What NICU Infant Dads Need to Know: Advice and Encouragement from a Three-Time Father

Posted by Jim Clarke on Jun 19, 2020 10:26:49 AM

Fathers Day featured imageI am blessed and proud to be the father of two boys, Jimmy (30 weeks) and Johnny (31 weeks), and one girl, Emily (26 weeks). All three were born premature and spent a combined 139 nights inpatient in the hospital NICU. Each time was an emotional roller coaster for my wife and me. Going through it once does not make the next ride any easier, whether it is one day or several months in the NICU. They each come with much fear, uncertainty, and sleepless nights. And though I received great support from hospital staff, family, and friends, being a NICU father can leave a man feeling a bit helpless. I am sharing my story to help other dads and caregivers in my situation with some insights on what to expect. 

Rest assured; you are not alone in a NICU journey. 
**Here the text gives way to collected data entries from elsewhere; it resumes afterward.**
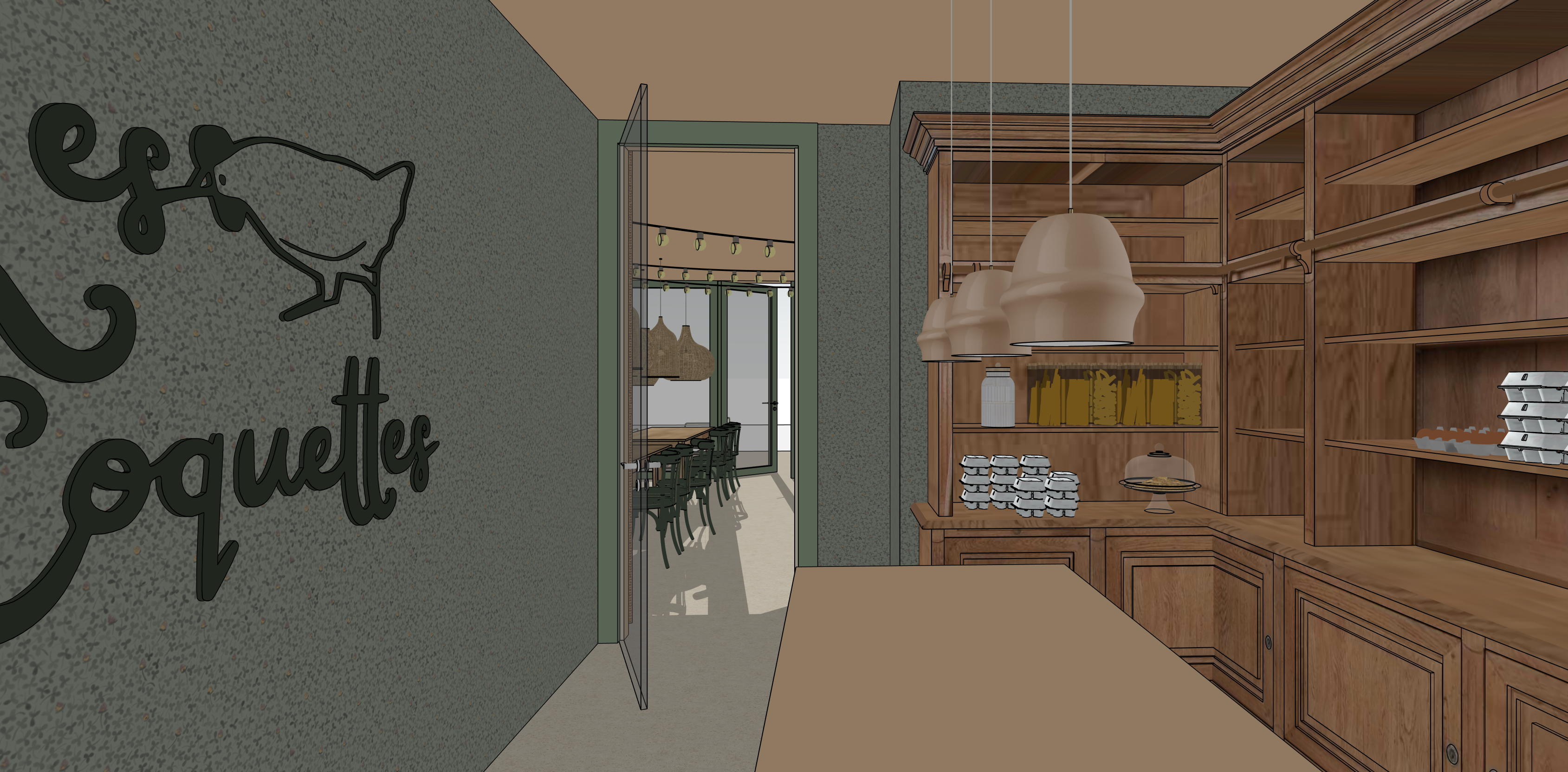 strictly preserve the original image and geometry exact same camera angle and framing no changes to architecture and any elements no modification to walls doors or openings keep all furniture exactly as is do not add or remove any objects no redesign no deformation preserve all original materials and colors no reinterpretation no new elements enhance only lighting and realism soft architectural photography style warm late afternoon ambient light soft diffuse shadows calm and balanced atmosphere subtle artificial ambient lighting only from the existing rattan pendant and ceramic suspensions lights warm soft glow realistic light diffusion no new light fixtures natural materials with subtle imperfections except the walls with mat wall paper slightly aged wood with light patina table grocery furniture realistic ceramic texture for the 3 pendants light above the foreground table brillant finish but same color as sketchup same floor behind door no overly perfect surfaces rural outdoor background with fields inspired by the alsatian sundgau landscape soft natural horizon coherent with interior lighting visible only through existing openings no new windows or exterior views keep all the existing ceiling and the joineries in the same color of sketchup 50mm lens shallow depth of field slight film grain soft contrast natural color grading
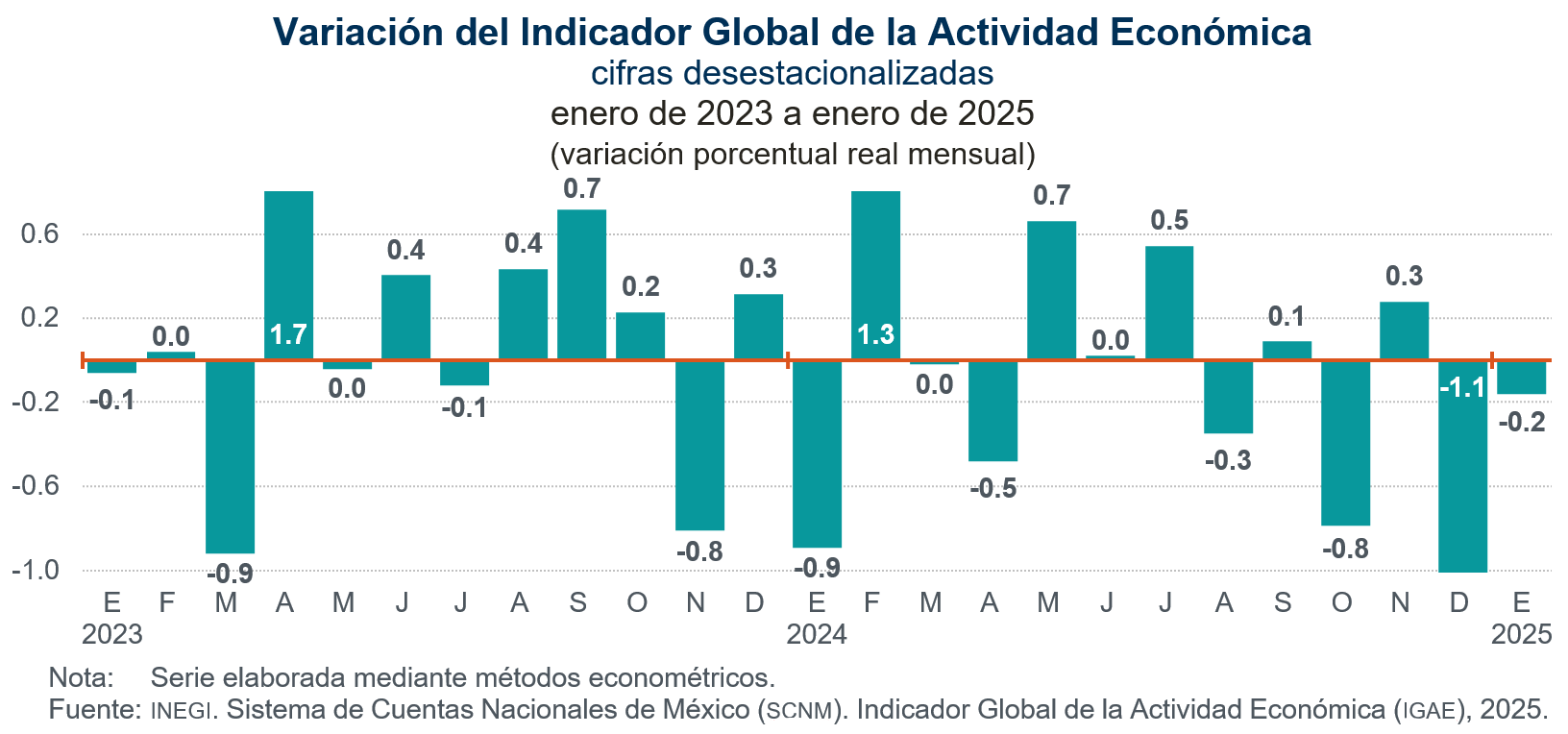 En enero de 2025 y con cifras desestacionalizadas, el IGAE cayó 0.2 % respecto a diciembre pasado, en términos reales. A tasa anual no presentó variación.
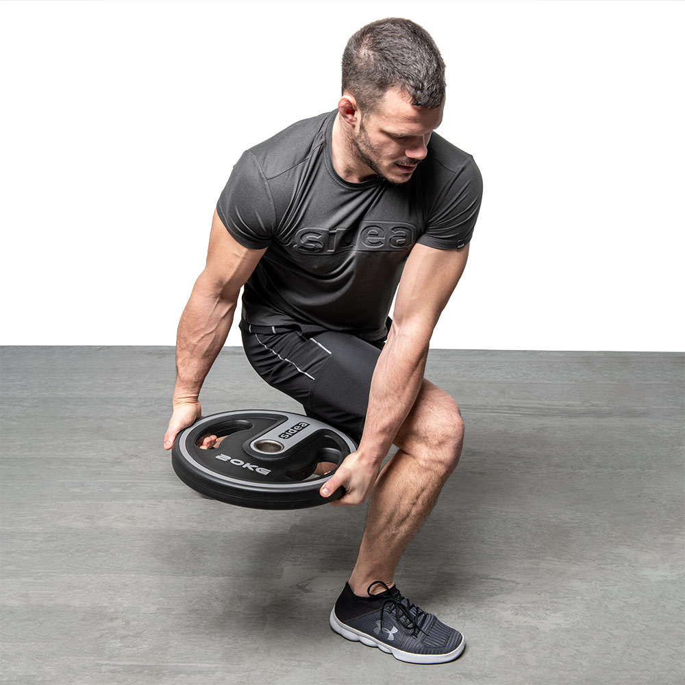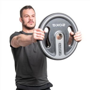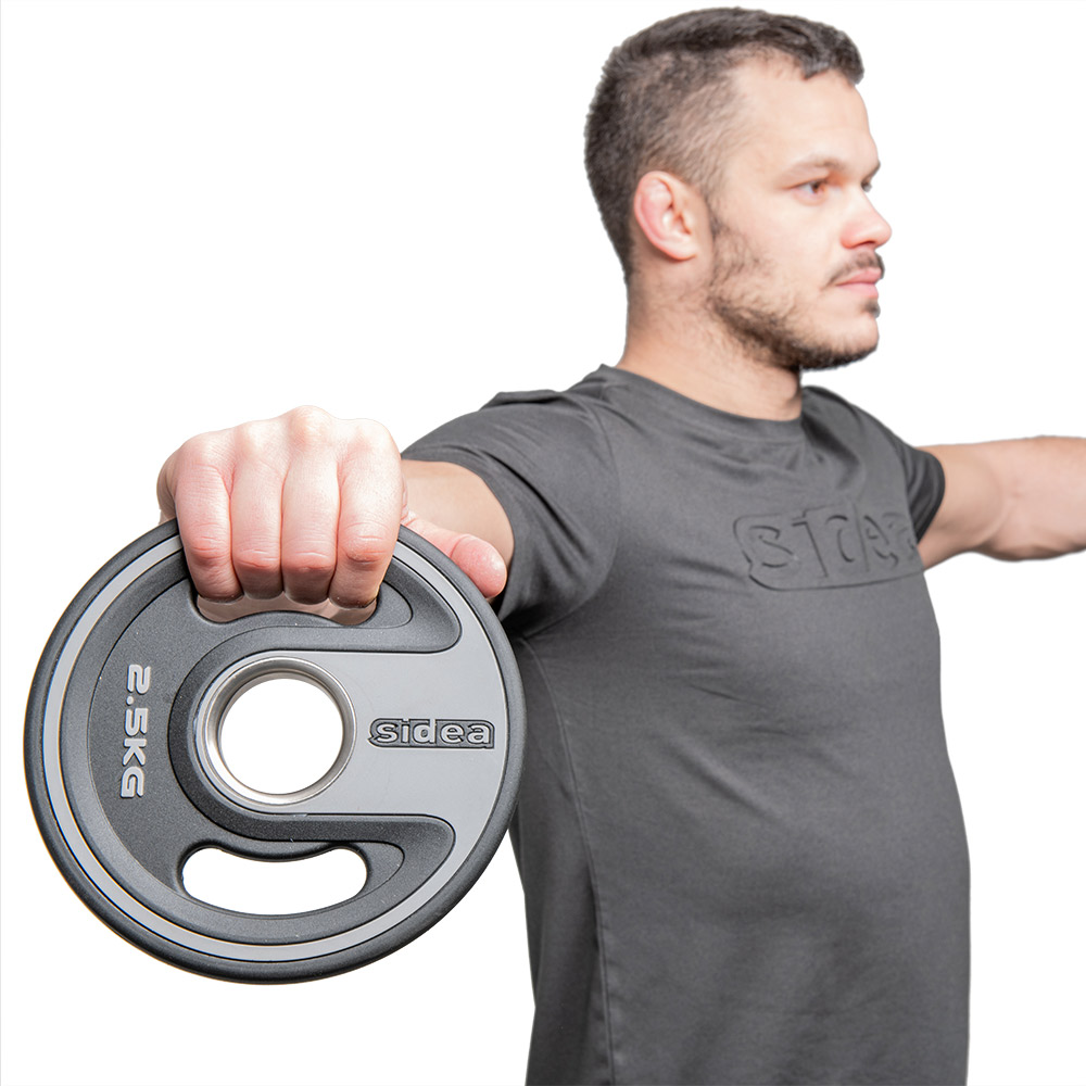 PU Plate with symmetrical handgrip. Weight plates with handles and internal rounded metal core ring for barbells with a diameter of 50 mm. The grips are comfortable and symmetrical, allowing you to use the plate also individually (without a barbell) for exercises with one or two hands.
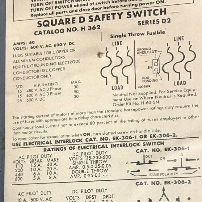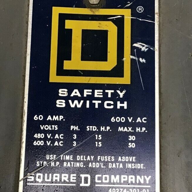 SQUARE D H362 SAFETY SWITCH 600VAC/DC 60AMP SER.D2 FUSIBLE 3PHASE

The first and perhaps biggest challenge happens at birth, when your baby is rushed to the NICU. That time of joy quickly turns to concern and confusion. It is important to be bedside with mom to support and care for her post-delivery. Initially, you may not be able to see and hold your baby depending on the circumstances. Waiting to visit your baby for the first time there are a lot of stresses--be reassured that the baby is being cared for by excellent nurses and doctors, ensuring your baby’s needs are being met.  And with the current COVID-19 pandemic, your ability to visit may be further restricted in order to maintain a sterile environment that protects both the infants and healthcare workers. This might seem unfathomable as a father, so be prepared, be patient, and remain confident that better days are ahead.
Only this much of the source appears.